Full QLoRA Training Script
import torch
from transformers import AutoModelForCausalLM, AutoTokenizer, BitsAndBytesConfig, TrainingArguments
from peft import LoraConfig, get_peft_model, prepare_model_for_kbit_training
from trl import SFTTrainer
from datasets import load_dataset
# 4-bit quantization config
bnb_config = BitsAndBytesConfig(
load_in_4bit=True,
bnb_4bit_quant_type="nf4",
bnb_4bit_compute_dtype=torch.bfloat16,
bnb_4bit_use_double_quant=True,
)
model = AutoModelForCausalLM.from_pretrained(
"meta-llama/Llama-2-7b-hf",
quantization_config=bnb_config,
device_map="auto",
)
tokenizer = AutoTokenizer.from_pretrained("meta-llama/Llama-2-7b-hf")
tokenizer.pad_token = tokenizer.eos_token
model = prepare_model_for_kbit_training(model)
lora_config = LoraConfig(
r=16,
lora_alpha=32,
target_modules=["q_proj", "k_proj", "v_proj", "o_proj"],
lora_dropout=0.05,
bias="none",
task_type="CAUSAL_LM",
)
model = get_peft_model(model, lora_config)
model.print_trainable_parameters()
# trainable params: 33,554,432 || all params: 6,771,970,048 || trainable%: 0.4955
dataset = load_dataset("timdettmers/openassistant-guanaco", split="train")
training_args = TrainingArguments(
output_dir="./llama2-7b-finetuned",
num_train_epochs=1,
per_device_train_batch_size=2,
gradient_accumulation_steps=8, # Effective batch size = 16
gradient_checkpointing=True,
optim="paged_adamw_32bit",
learning_rate=2e-4,
bf16=True,
logging_steps=25,
save_strategy="epoch",
)
trainer = SFTTrainer(
model=model,
train_dataset=dataset,
args=training_args,
dataset_text_field="text",
max_seq_length=2048,
)
trainer.train()
Merging and Pushing to HuggingFace Hub
After training, merge the LoRA weights back into the base model for standard inference:
from peft import PeftModel
from transformers import AutoModelForCausalLM
base_model = AutoModelForCausalLM.from_pretrained("meta-llama/Llama-2-7b-hf", torch_dtype=torch.float16)

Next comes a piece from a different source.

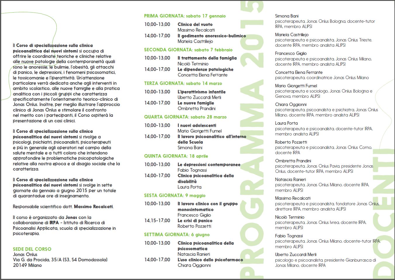 Sabato 18 aprile la Dott.ssa Laura Porta terrà un insegnamento sulla clinica della disabilità al Corso di Specializzazione sulla clinica dei nuovi sintomi, a Jonas Milano.

model = PeftModel.from_pretrained(base_model, "./llama2-7b-finetuned/checkpoint-final")
merged_model = model.merge_and_unload()
merged_model.push_to_hub("your-username/llama2-7b-custom")
tokenizer.push_to_hub("your-username/llama2-7b-custom")
Dataset Formats
The TRL SFTTrainer accepts two common formats:
Alpaca format (instruction/input/output fields):
{"instruction": "Summarize this text", "input": "Long text here...", "output": "Short summary."}
ShareGPT format (conversations array):
{"conversations": [{"from": "human", "value": "Hello"}, {"from": "gpt", "value": "Hi there!"}]}
The QLoRA paper demonstrates that QLoRA fine-tuned Guanaco-65B matches ChatGPT on the Vicuna benchmark — proving that 4-bit quantization with LoRA does not meaningfully degrade fine-tune quality versus full precision training.